Mengapa Basmalah dihilangkan? Mayoritas ulama berpendapat bahwa Basmalah adalah penanda kasih sayang dan rahmat Allah. Karena Surah At-Taubah dimulai dengan pemutusan hubungan dan ancaman (meskipun diikuti dengan pengampunan), para ulama merasa bahwa memulai dengan "Rahmat" akan bertentangan dengan konteks awal surah yang bersifat peringatan keras. Alasan lain menyebutkan bahwa karena surah ini merupakan kelanjutan dari Surah Al-Anfal (yang membicarakan tentang perjanjian perang), maka tidak perlu ada pemisah formal.

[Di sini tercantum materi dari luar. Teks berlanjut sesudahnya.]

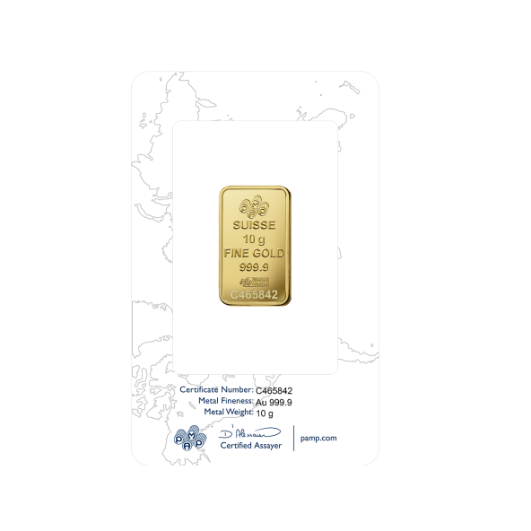 Investičná zlatá tehla 10 g , Pamp Suisse , rýdzosť: 999,9 , razená , Švajčiarsko , blister - zaliate v ochranom plaste , rozmery: 26,5 x 15,8 x 1,25mm ,0% - oslobodené od DPH , LBMA: áno , Garancia výkupu: garantujeme od švajčiarskej firmy Pamp Suisse o hmotnosti 10 g.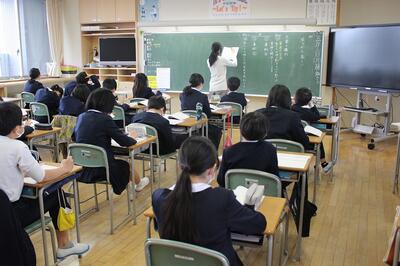3組は家庭科の様子です。朝食について学習しています。朝食にふさわしい献立や、栄養素などについて確認しました。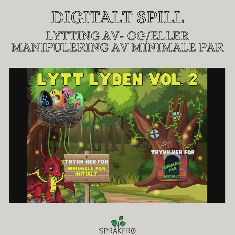 Barnet skal lytte ut hvilken språklyd som har "gjemt" seg i ordet. I spillet er det 5 minimale par der lydene er initialt i ordet (topp/kopp, god/do, dø/kø, tall/kald og dam/kam). Videre er det 4 minimale par der lydene er medialt i ordet (lede/lege, lete/leke, hate/hake, ha det/hage). Det er lydfiler tilknyttet hver oppgave.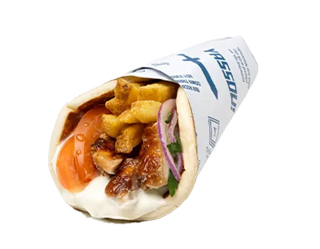 Kid-sized Yiros with Maryland chicken, chips, and tomato sauce – served as a combo with fries and a drink.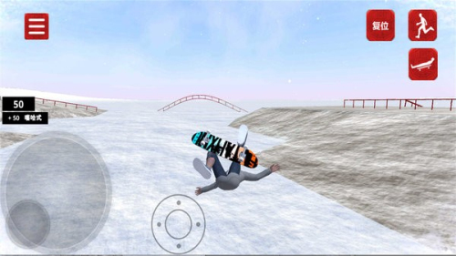 4、通过虚拟摇杆控制滑板移动,结合手势操作完成各类特技动作。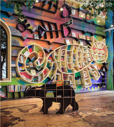 地面上的地图上同样站立着各种动物,他们既是代表不同大洲上的代表生物也是书架。也许,动物的心灵和小朋友是最相同的,所以设计师用”梦幻动物园”这个概念为小朋友们打造了一个缤纷梦幻的动物园童书馆。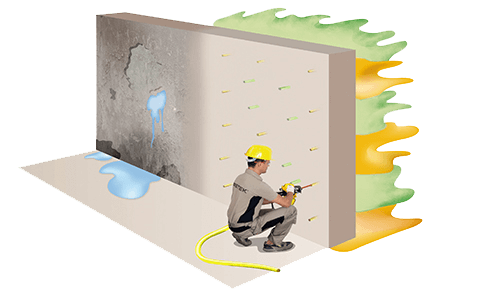 Grâce à sa double action, la solution Water Barrier permet de remplir de manière homogène l’ensemble des cavités du sol et/ou celles situées entre la maçonnerie et le sol. L’intervention se décompose en 2 phases distinctes :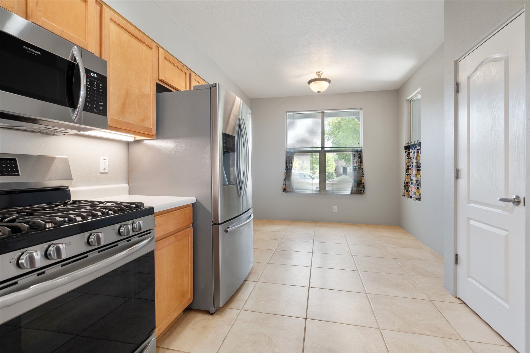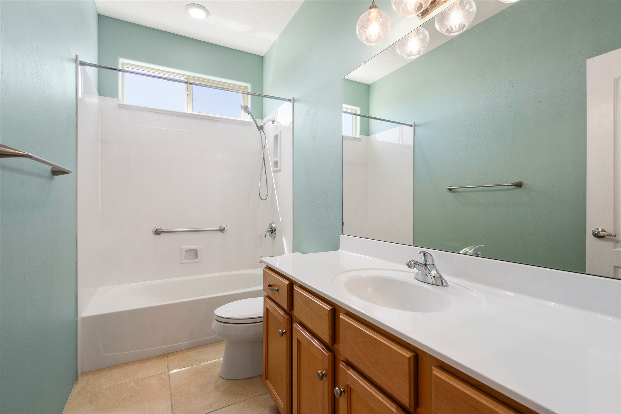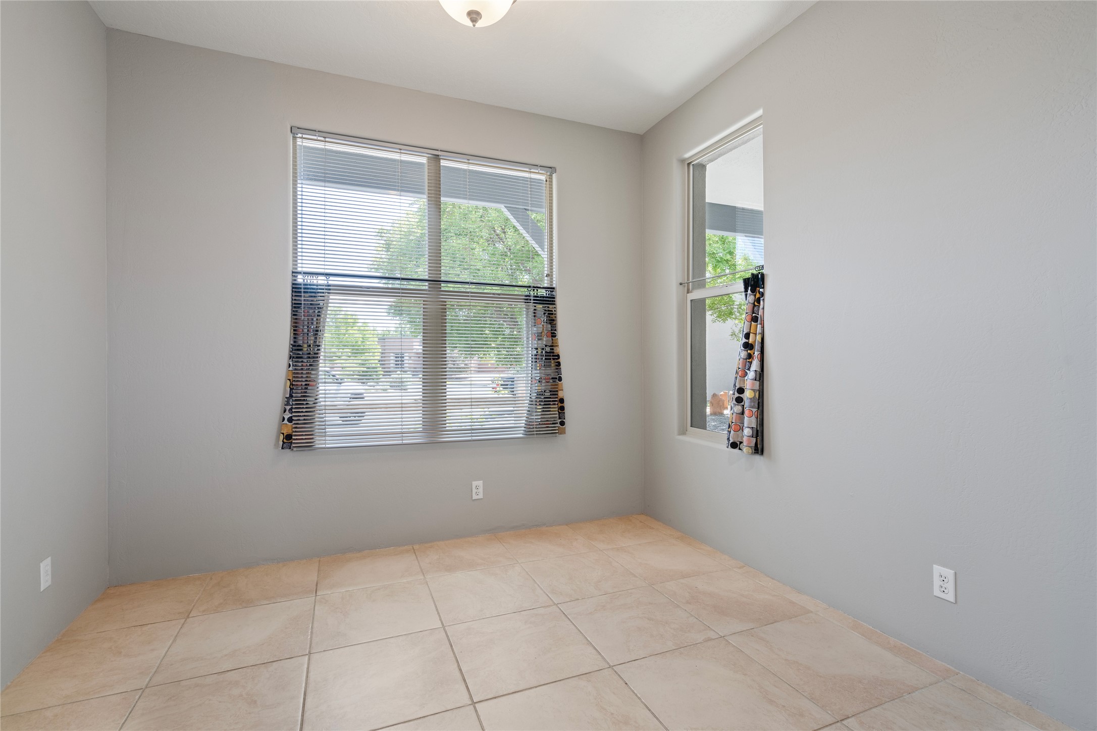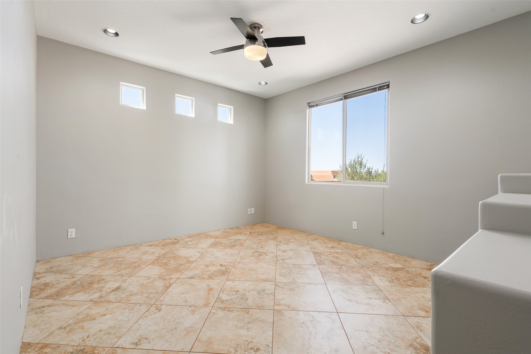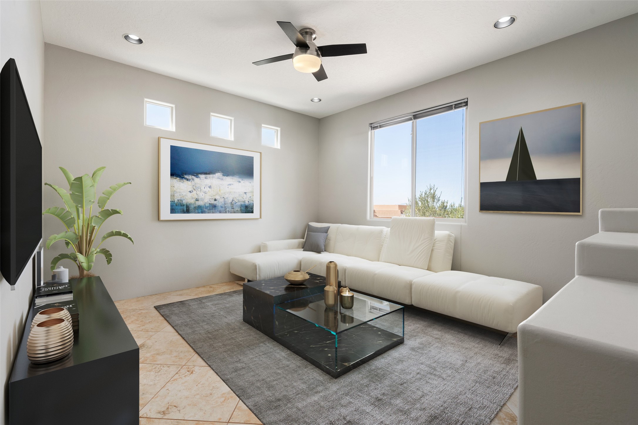 Enjoy panoramic views of the Ortiz and Sandia Mountains from this beautifully maintained single-level home in the sought-after community of Rancho Viejo. Thoughtfully designed for comfort and versatility, and painted to exude a contemporary flair, this open-concept residence features stylish tiled floors, a cozy kiva wood-burning fireplace, and abundant natural light throughout. The private primary suite is a true retreat, offering a fully updated bathroom with a stunning tiled walk-in shower, dual vanities, and a spacious walk-in closet. On the opposite side of the home, two additional bedrooms share a well-appointed guest bath--one of which makes an ideal home office or creative space. A flexible den just off the main living area provides additional options as a media room, formal dining space, hobby area, or second office--customize it to suit your lifestyle. Outside, the beautifully landscaped lot showcases native plants, mature trees, flowering rose bushes, and lovely flagstone patios and stone walkways. With no neighbors directly behind the home and views of a large community park and estate lots, the setting offers peace, privacy, and an exceptional sense of space. Rancho Viejo is a vibrant community offering over 15 miles of paved walking trails, several community parks, and well-maintained open spaces--all just 20 minutes from the Santa Fe Plaza. Dining, shopping, and daily conveniences are just minutes away. Don't miss the opportunity to own this serene and stylish home with unmatched views--schedule your showing today!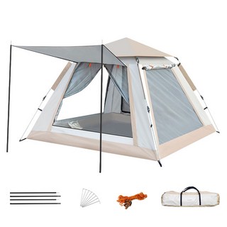 캠핑 텐트+그늘막 2-in-1 캐노피 전자동 자외선차단 타프 풀세트 3-4인 용아웃도어 원터치, 3-4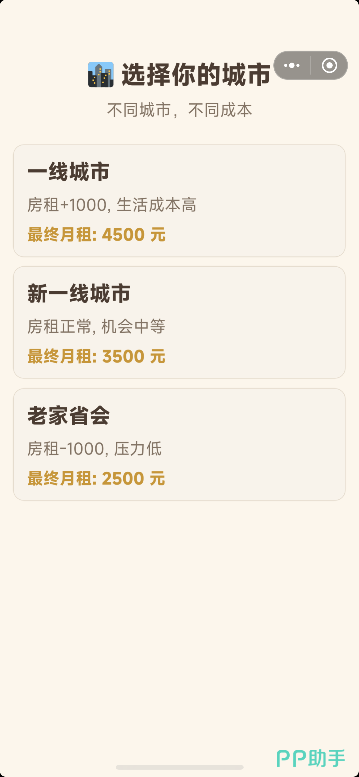 游戏采用极简文字界面,UI清爽无冗余,配色柔和,视觉负担低。开局提供三项关键自定义:角色性别、目标城市、入职公司。三者并非仅影响外观——不同城市的月均房租与生活成本存在显著差异;各公司开出的起薪、晋升节奏、加班强度也各不相同,直接影响后续资源分配策略。每位玩家拥有三次重开权限,系统自动保存当前进度;若选择覆盖存档,亦可一键清除,操作逻辑清晰直观。

Secara keseluruhan, Surah At-Taubah adalah sebuah manual etika politik dan spiritual bagi umat Islam. Ia mengajarkan ketegasan dalam prinsip keimanan, pentingnya menjaga perjanjian, bahaya kemunafikan, dan yang paling penting, pintu rahmat Allah selalu terbuka lebar bagi siapa pun yang benar-benar kembali dan bertaubat kepada-Nya dengan segenap hati. Ini adalah pengingat abadi bahwa kekuatan sejati terletak pada kebersihan hati dan keteguhan iman kepada Yang Maha Esa.